Торвальдсен рассказывает: в монастырской библиотеке хранится восковая маска, снятая с лица Торкватто после смерти; там же показывают чернильницу поэта и заключенный в рамку сонет, написанный его рукой.
— Маска снята с мертвеца, а здесь рука поэта. Я хочу сделать памятник Тассо, но не по этой маске, а по его стихам…
Брюллов слушает внимательно: полковник Львов заказал ему картину «Эрминия у пастухов» на сюжет из «Освобожденного Иерусалима».
…Все вдруг кинулись читать Торкватто Тассо, в жизни и стихах поэта каждый с изумлением и восторгом находил свое. Строки, вчера звучавшие обыденно, приобретали особенный и важный смысл. В монастырской церкви, налево от входа, тихая и строгая эпитафия гласила: «Здесь покоится прах Торкватто Тассо. Для того, чтобы ты это знал, посетитель, монахи этой церкви начертали эту надпись». Римский издатель порадовал соотечественников тридцатью томами полного собрания произведений Тассо и, уступая настояниям покупателей, оказался вынужден напечатать еще пять томов избранного. В других европейских странах, и даже иных державах Востока, трудились над переводами. Русский перевод «Освобожденного Иерусалима» в видах совершенной точности был выполнен поэтом Шишковым в прозе.

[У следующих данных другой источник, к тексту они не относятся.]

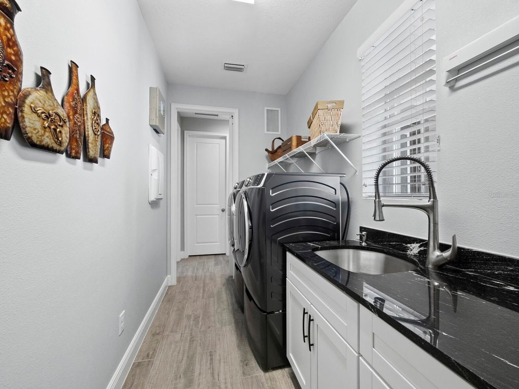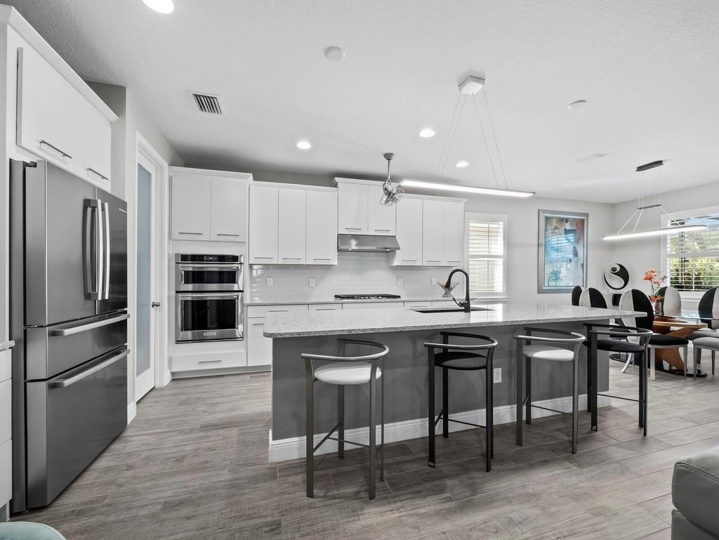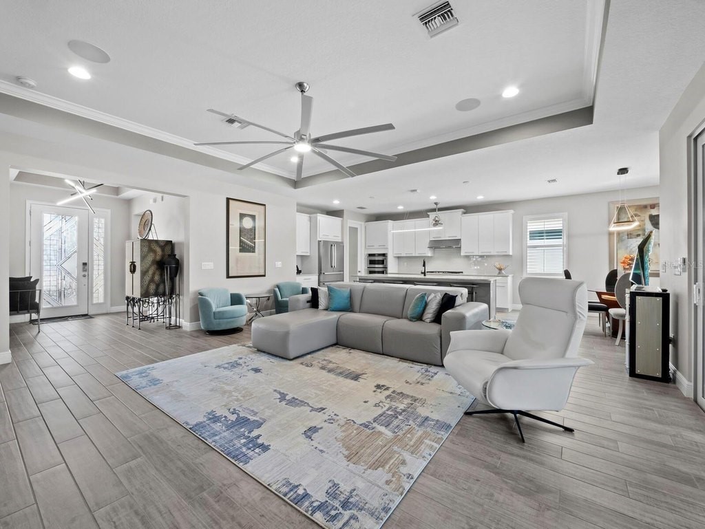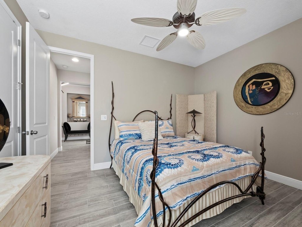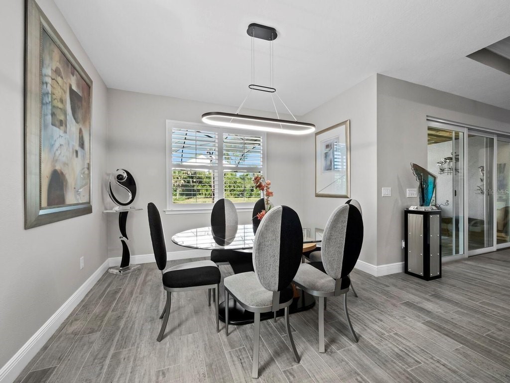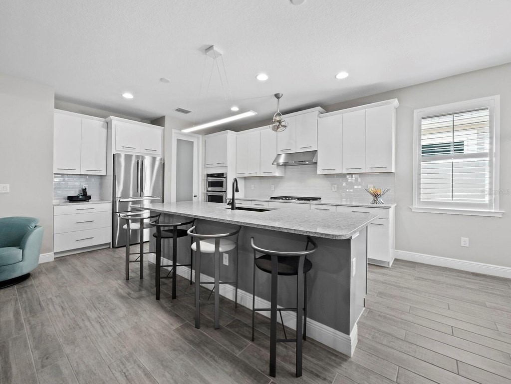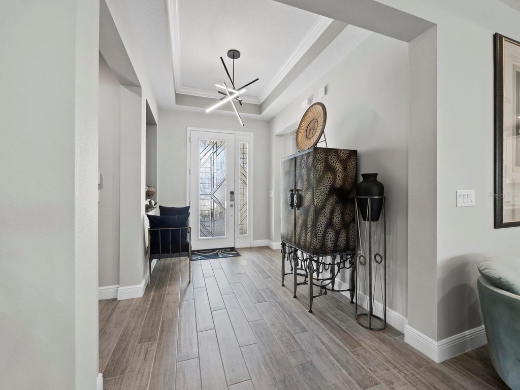 Under contract-accepting backup offers. Built in 2020, this West Indies-style home exudes sophistication with extensive upgrades and stunning natural light. Ideally situated on a lakefront home site, the property offers picturesque preserve and water views. Every high-end detail, meticulously completed in this gated Sunrise Preserve gem, offers immediate luxury upon arrival. The immaculate floor plan includes 2, 261 sq. ft. of thoughtfully designed living space, featuring 3 bedrooms, 3 bathrooms, a pool, and 3-car split garage with epoxy floors and upgraded paver driveway. Lush, tropical landscaping accented by hard wired LED lights provide impressive curb appeal. The welcoming front entrance sets the stage leading into the home with commanding views. Upon entering through the striking glass front door, the tone is set for the entire space. The large interior open layout features 9-10 ft ceilings paired with tray ceilings and crown molding, adding to the sense of spacious elegance. Plank tile floors flow throughout the home, complemented by tasteful designer touches such as upgraded light fixtures, plantation shutters, custom storage closets, and ceiling fans. Adjacent to the great room, a gourmet kitchen includes sleek cabinets, upgraded stainless steel appliances, and a generous walk-in pantry with a frosted glass door. Premium quartz countertops extend to a spacious island featuring an upgraded kitchen sink for both style and practicality. The dining room seamlessly blends entertaining with amazing outdoor views. The screened-in lanai enhanced with additional lighting, creates an appealing transition from the great room through the hurricane impact sliding door. Step outside to the custom saltwater pool complete with colored lights, fountain bubbler, motorize sunshade, and a one-sided automatic privacy screen. A pool lounge area atop pavers and a summer outdoor kitchen completes this idyllic space for relaxing while enjoying tranquil lake views. The spacious primary suite features a well-appointed bathroom, with a large walk-in custom closet. Highlights of this luxurious en-suite bath include split dual vanities, premium granite countertops, and large walk-in shower with a bench. The split floor plan provides two additional bedrooms with custom closets and spa-like baths. The third bedroom can easily transform into an office with the custom desk, adding versatility to the home. The spacious laundry room designed for convenience, offering a barn door with frosted glass, lower cabinets with a utility sink, and two storage closets. Further upgrades include impact windows, hard-wired security package with two cameras, split AC systems, whole house natural gas generator, house surge protector, a 5.1 surround sound system, and a freshly painted interior (2023). The HOA fee includes complete landscape maintenance. Situated in the Gated Sunrise Preserve at Palmer Ranch, residents enjoy an affluence of amenities that exemplify resort-style living. These include a large clubhouse with a fitness center, yoga room, a spectacular heated pool and spa, bar lounge area, bocce ball, tennis courts, and more. This community is conveniently located near fabulous Gulf beaches, shopping, fine dining, medical facilities, and top-rated schools, providing a truly upscale living experience.

Брюллов читает песнь седьмую поэмы. Верный конь вынес из боя воинственную царевну Эрминию и примчал под тенистые деревья древнего леса; здесь она, изнеможенная, уснула глубоким сном. Утром сквозь тихий шум вод и древес услышала Эрминия ясные, слух ее поразившие звуки, «кои действительно были пастушеские песни, смешанные с игранием на свирели. Она встает, подходит к ним тихими шагами и видит седого мужа в приятной тени плетущего близ стада свои корзины и внимающего трем поющим юношам». Пастухи, изумленные, даже испуганные появлением царевны-воительницы, прервали свои занятия, но она успокаивает их ласковым жестом, говоря: «Продолжайте свою работу: сии оружия мои не возмутят сельских ваших трудов и забот».
…Рано утром пастухи, свистя в дудки, гонят коз по улицам Рима. Женщина бросает пастуху монету из окна, — он останавливается, тут же, присев на корточки, ловко доит козу и протягивает синьоре помятый медный котелок, наполненный молоком густым и сладким. Перед уличной торговкой громоздятся на прилавке зеленые, красные, оранжевые пирамиды овощей, разбросаны пучки пахучих трав и кореньев; рядом, в тени забора, вольно раскинулся, прямо на земле, в пыли, ее сын, черноглазый отрок, — беспечно напевая, плетет высокую корзину из камыша. За две недели до рождества спускаются с гор одетые в куртки из козьих шкур и грубые шерстяные плащи пифферари — волынщики: со своей немудреной музыкой они бродят по улицам города, исполняя серенады перед изображениями мадонны, повсюду укрепленными на стенах домов, на столбах ворот, в окнах лавок…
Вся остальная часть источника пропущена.